## WHAT IS REQUIRED
Could you write out, exactly as they stand, only the lines in the listing below from the line with "Crânio bonito e" to the line with "隧道外原材料的正常供应是隧道", both ends included, without the pictures?

## MATERIAL FOR THIS TASK
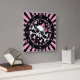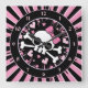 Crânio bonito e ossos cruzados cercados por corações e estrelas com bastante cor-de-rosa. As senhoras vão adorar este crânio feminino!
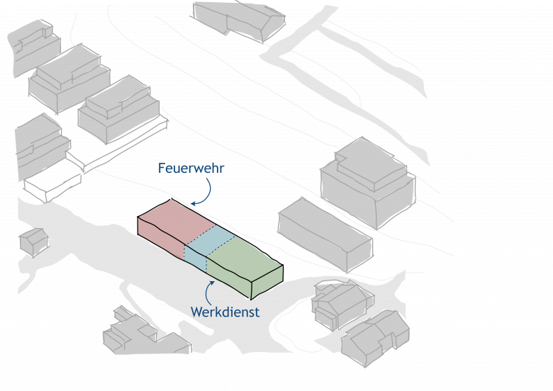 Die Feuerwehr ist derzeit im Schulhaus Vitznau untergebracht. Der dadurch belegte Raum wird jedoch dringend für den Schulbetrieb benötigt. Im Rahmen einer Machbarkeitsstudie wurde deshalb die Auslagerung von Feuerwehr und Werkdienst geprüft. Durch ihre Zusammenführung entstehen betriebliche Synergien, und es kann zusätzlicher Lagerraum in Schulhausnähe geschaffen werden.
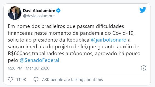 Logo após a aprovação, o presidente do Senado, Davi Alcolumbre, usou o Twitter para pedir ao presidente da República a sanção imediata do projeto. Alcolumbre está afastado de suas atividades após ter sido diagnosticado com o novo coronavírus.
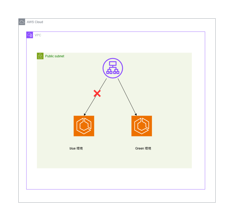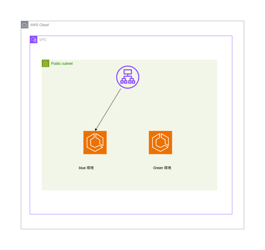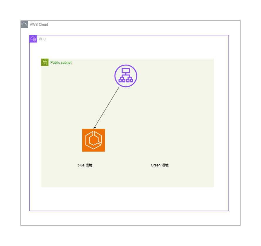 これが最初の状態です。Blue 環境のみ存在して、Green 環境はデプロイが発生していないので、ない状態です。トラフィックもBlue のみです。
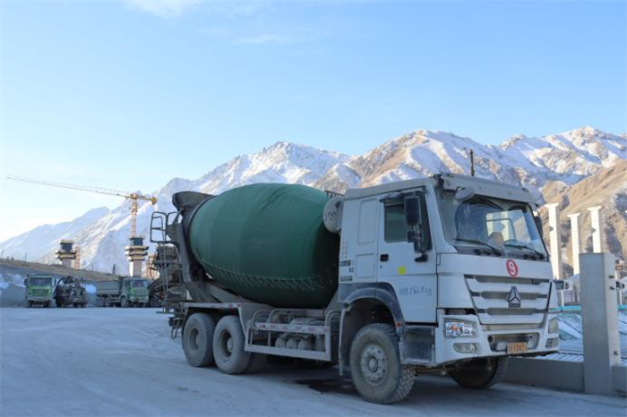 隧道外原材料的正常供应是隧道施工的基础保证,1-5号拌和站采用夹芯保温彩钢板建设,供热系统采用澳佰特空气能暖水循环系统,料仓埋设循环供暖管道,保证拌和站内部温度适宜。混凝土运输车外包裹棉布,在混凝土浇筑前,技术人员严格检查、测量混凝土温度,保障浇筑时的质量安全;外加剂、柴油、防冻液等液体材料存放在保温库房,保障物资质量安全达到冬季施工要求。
==
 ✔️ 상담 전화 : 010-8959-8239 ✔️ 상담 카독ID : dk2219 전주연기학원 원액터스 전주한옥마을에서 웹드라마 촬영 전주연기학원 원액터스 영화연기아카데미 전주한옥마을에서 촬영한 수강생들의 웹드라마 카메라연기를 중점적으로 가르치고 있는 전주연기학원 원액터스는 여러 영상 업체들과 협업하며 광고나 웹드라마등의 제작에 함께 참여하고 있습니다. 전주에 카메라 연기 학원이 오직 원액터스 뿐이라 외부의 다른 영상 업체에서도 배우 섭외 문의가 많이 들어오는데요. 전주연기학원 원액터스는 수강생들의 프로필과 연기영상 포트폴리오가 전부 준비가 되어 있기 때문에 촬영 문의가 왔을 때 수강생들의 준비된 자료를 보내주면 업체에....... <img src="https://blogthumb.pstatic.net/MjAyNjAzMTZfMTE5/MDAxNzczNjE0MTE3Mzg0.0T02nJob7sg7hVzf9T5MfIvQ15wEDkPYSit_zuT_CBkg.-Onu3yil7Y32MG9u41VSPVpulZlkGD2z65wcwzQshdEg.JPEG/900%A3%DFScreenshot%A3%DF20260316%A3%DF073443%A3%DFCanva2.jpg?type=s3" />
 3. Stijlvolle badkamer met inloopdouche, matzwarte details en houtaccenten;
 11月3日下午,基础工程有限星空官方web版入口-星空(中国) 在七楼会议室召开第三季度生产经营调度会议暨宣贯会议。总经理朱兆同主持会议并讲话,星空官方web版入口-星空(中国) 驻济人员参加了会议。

## PROBLEM SOLUTION
 Crânio bonito e ossos cruzados cercados por corações e estrelas com bastante cor-de-rosa. As senhoras vão adorar este crânio feminino!
 Die Feuerwehr ist derzeit im Schulhaus Vitznau untergebracht. Der dadurch belegte Raum wird jedoch dringend für den Schulbetrieb benötigt. Im Rahmen einer Machbarkeitsstudie wurde deshalb die Auslagerung von Feuerwehr und Werkdienst geprüft. Durch ihre Zusammenführung entstehen betriebliche Synergien, und es kann zusätzlicher Lagerraum in Schulhausnähe geschaffen werden.
 Logo após a aprovação, o presidente do Senado, Davi Alcolumbre, usou o Twitter para pedir ao presidente da República a sanção imediata do projeto. Alcolumbre está afastado de suas atividades após ter sido diagnosticado com o novo coronavírus.
 これが最初の状態です。Blue 環境のみ存在して、Green 環境はデプロイが発生していないので、ない状態です。トラフィックもBlue のみです。
 隧道外原材料的正常供应是隧道施工的基础保证,1-5号拌和站采用夹芯保温彩钢板建设,供热系统采用澳佰特空气能暖水循环系统,料仓埋设循环供暖管道,保证拌和站内部温度适宜。混凝土运输车外包裹棉布,在混凝土浇筑前,技术人员严格检查、测量混凝土温度,保障浇筑时的质量安全;外加剂、柴油、防冻液等液体材料存放在保温库房,保障物资质量安全达到冬季施工要求。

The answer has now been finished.